Study material —

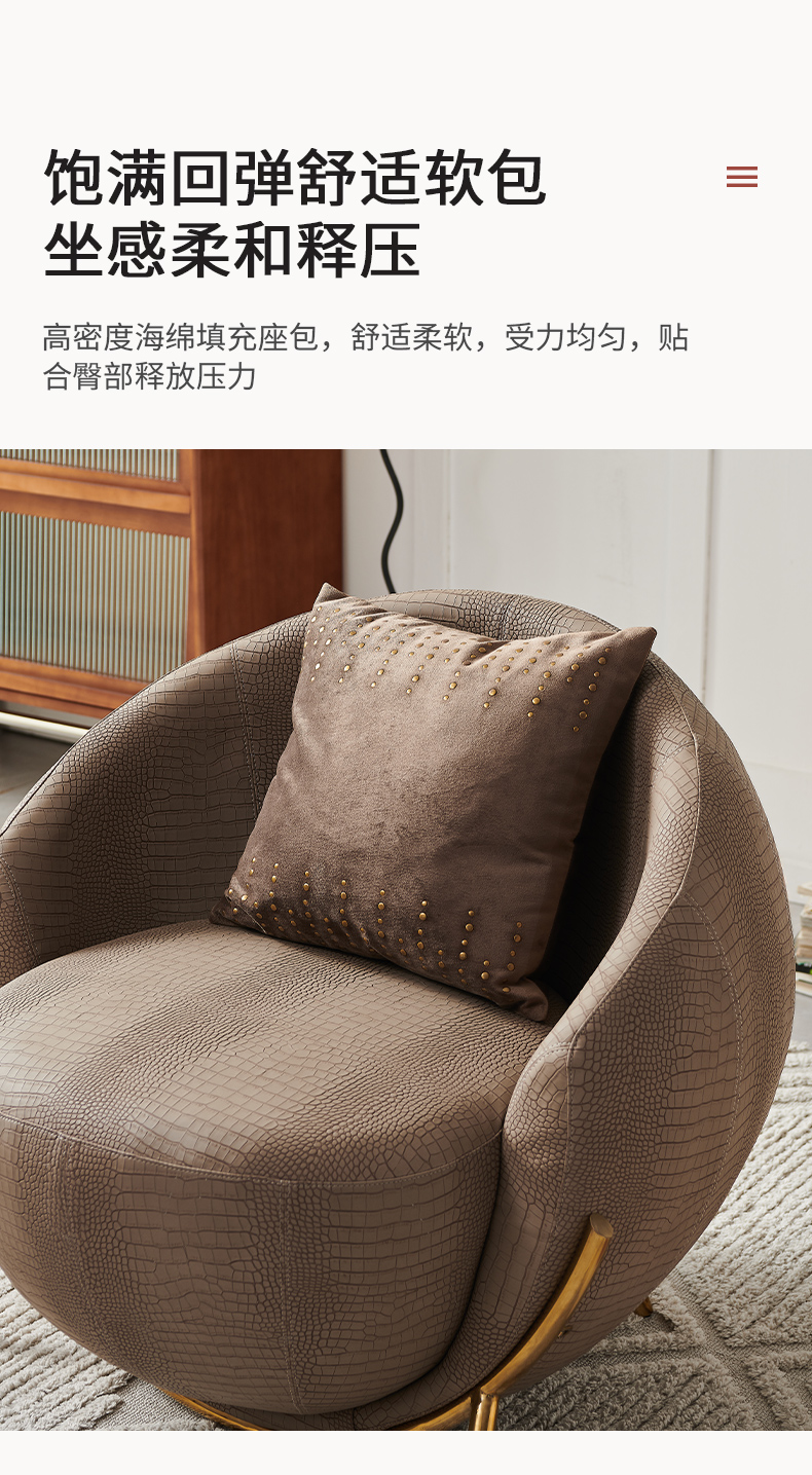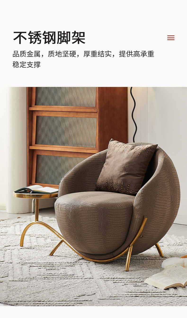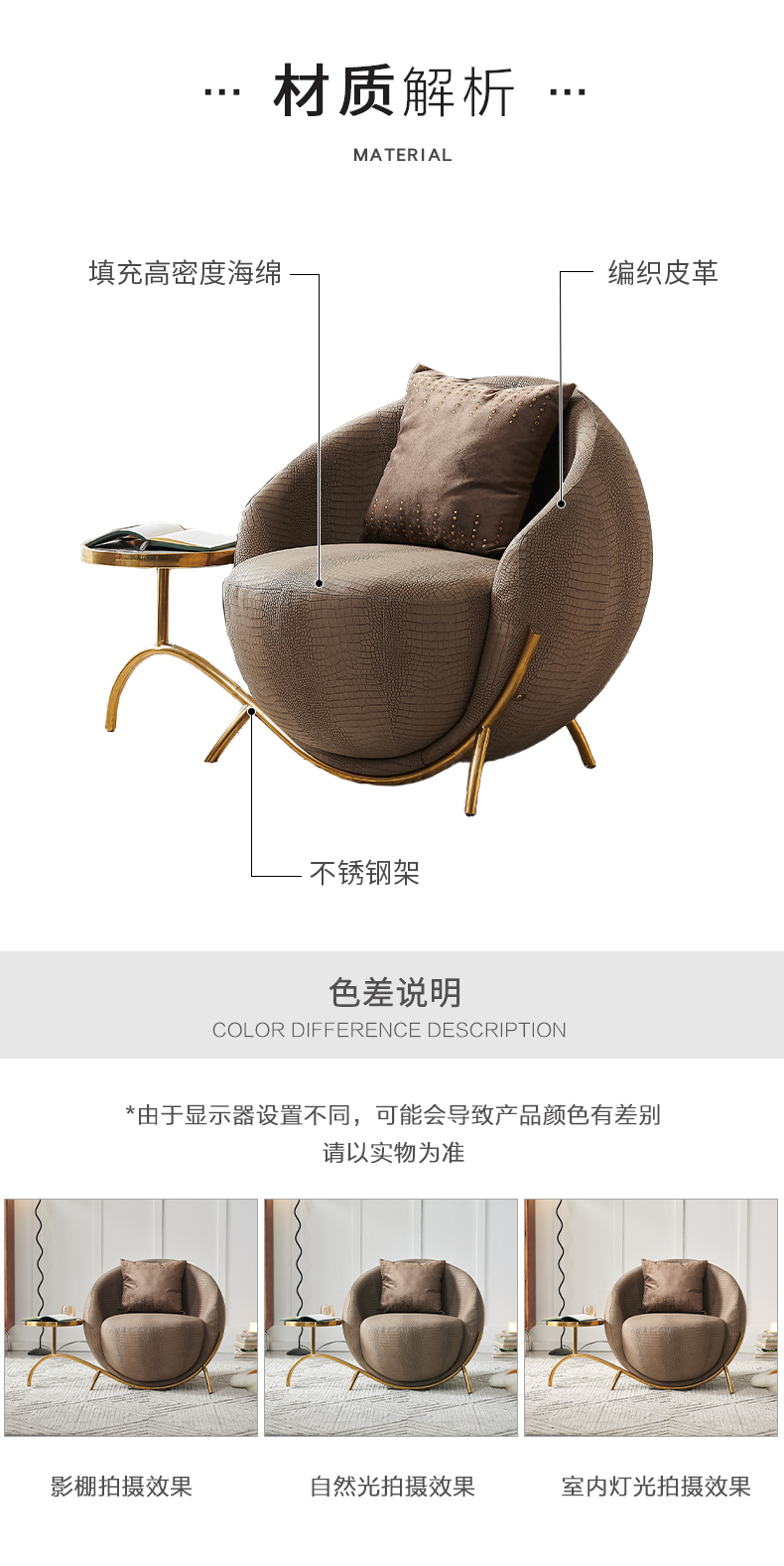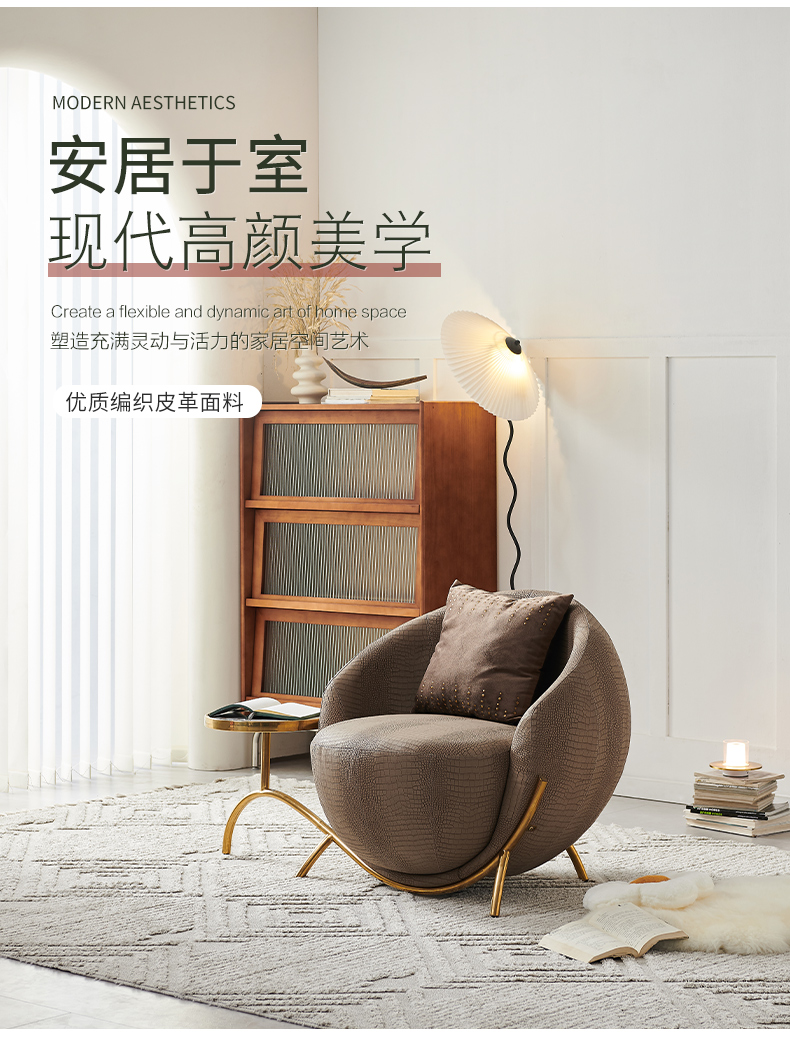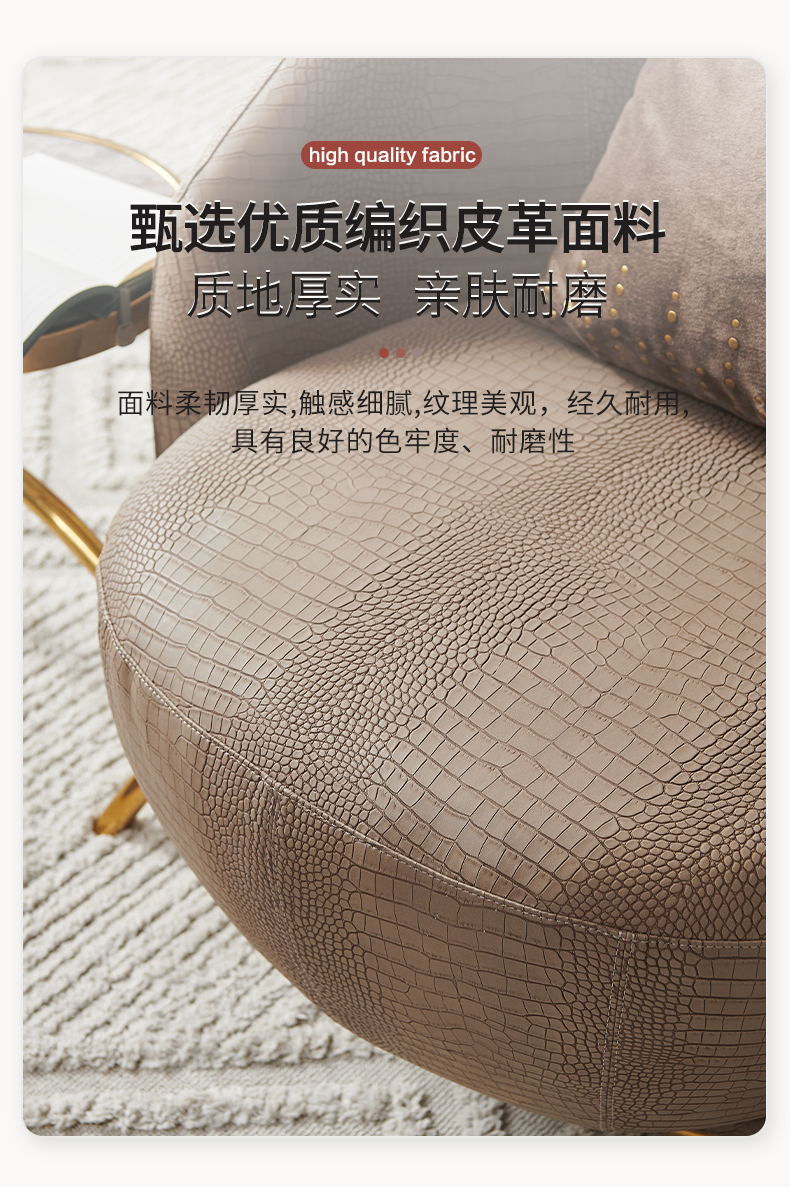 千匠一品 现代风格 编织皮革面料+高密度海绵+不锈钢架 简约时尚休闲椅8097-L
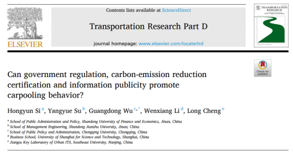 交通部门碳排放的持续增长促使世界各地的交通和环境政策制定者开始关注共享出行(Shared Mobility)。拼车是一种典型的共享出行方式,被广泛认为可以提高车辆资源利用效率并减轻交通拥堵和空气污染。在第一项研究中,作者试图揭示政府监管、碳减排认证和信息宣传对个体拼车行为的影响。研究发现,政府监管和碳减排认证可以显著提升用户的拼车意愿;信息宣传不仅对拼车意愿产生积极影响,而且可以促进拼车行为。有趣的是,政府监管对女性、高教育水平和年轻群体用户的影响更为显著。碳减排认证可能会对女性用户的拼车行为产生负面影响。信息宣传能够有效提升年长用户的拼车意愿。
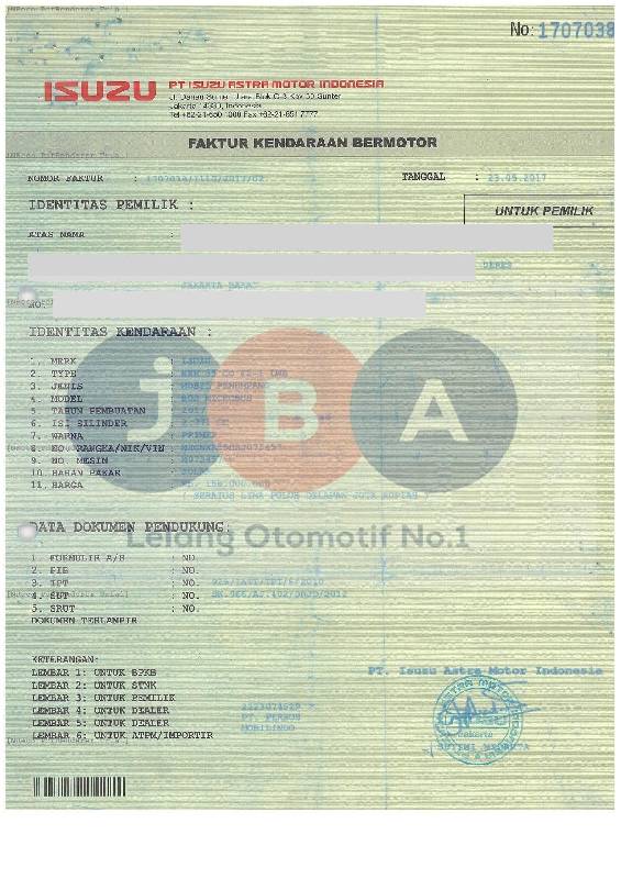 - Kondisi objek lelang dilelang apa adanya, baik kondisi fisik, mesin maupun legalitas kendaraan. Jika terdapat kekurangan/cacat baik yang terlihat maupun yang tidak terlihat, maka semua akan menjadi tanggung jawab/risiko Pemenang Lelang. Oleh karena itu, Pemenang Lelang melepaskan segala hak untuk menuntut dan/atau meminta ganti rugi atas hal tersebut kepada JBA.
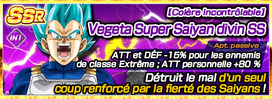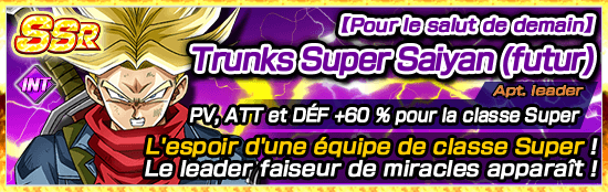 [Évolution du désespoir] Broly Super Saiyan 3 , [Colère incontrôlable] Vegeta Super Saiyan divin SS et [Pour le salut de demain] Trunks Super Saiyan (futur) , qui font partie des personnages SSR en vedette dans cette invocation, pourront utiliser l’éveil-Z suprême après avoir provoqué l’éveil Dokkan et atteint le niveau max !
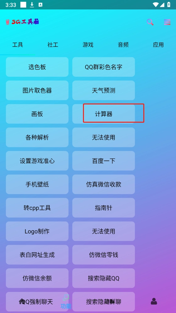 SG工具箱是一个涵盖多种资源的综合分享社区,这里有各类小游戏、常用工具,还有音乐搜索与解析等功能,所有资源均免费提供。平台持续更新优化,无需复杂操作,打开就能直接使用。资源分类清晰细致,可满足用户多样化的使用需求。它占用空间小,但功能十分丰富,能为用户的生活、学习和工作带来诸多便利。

Exercise objective —
Only the wording of the records is wanted: copy it all exactly and omit the pictures.

Problem solution —
 千匠一品 现代风格 编织皮革面料+高密度海绵+不锈钢架 简约时尚休闲椅8097-L
 交通部门碳排放的持续增长促使世界各地的交通和环境政策制定者开始关注共享出行(Shared Mobility)。拼车是一种典型的共享出行方式,被广泛认为可以提高车辆资源利用效率并减轻交通拥堵和空气污染。在第一项研究中,作者试图揭示政府监管、碳减排认证和信息宣传对个体拼车行为的影响。研究发现,政府监管和碳减排认证可以显著提升用户的拼车意愿;信息宣传不仅对拼车意愿产生积极影响,而且可以促进拼车行为。有趣的是,政府监管对女性、高教育水平和年轻群体用户的影响更为显著。碳减排认证可能会对女性用户的拼车行为产生负面影响。信息宣传能够有效提升年长用户的拼车意愿。
 - Kondisi objek lelang dilelang apa adanya, baik kondisi fisik, mesin maupun legalitas kendaraan. Jika terdapat kekurangan/cacat baik yang terlihat maupun yang tidak terlihat, maka semua akan menjadi tanggung jawab/risiko Pemenang Lelang. Oleh karena itu, Pemenang Lelang melepaskan segala hak untuk menuntut dan/atau meminta ganti rugi atas hal tersebut kepada JBA.
 [Évolution du désespoir] Broly Super Saiyan 3 , [Colère incontrôlable] Vegeta Super Saiyan divin SS et [Pour le salut de demain] Trunks Super Saiyan (futur) , qui font partie des personnages SSR en vedette dans cette invocation, pourront utiliser l’éveil-Z suprême après avoir provoqué l’éveil Dokkan et atteint le niveau max !
 SG工具箱是一个涵盖多种资源的综合分享社区,这里有各类小游戏、常用工具,还有音乐搜索与解析等功能,所有资源均免费提供。平台持续更新优化,无需复杂操作,打开就能直接使用。资源分类清晰细致,可满足用户多样化的使用需求。它占用空间小,但功能十分丰富,能为用户的生活、学习和工作带来诸多便利。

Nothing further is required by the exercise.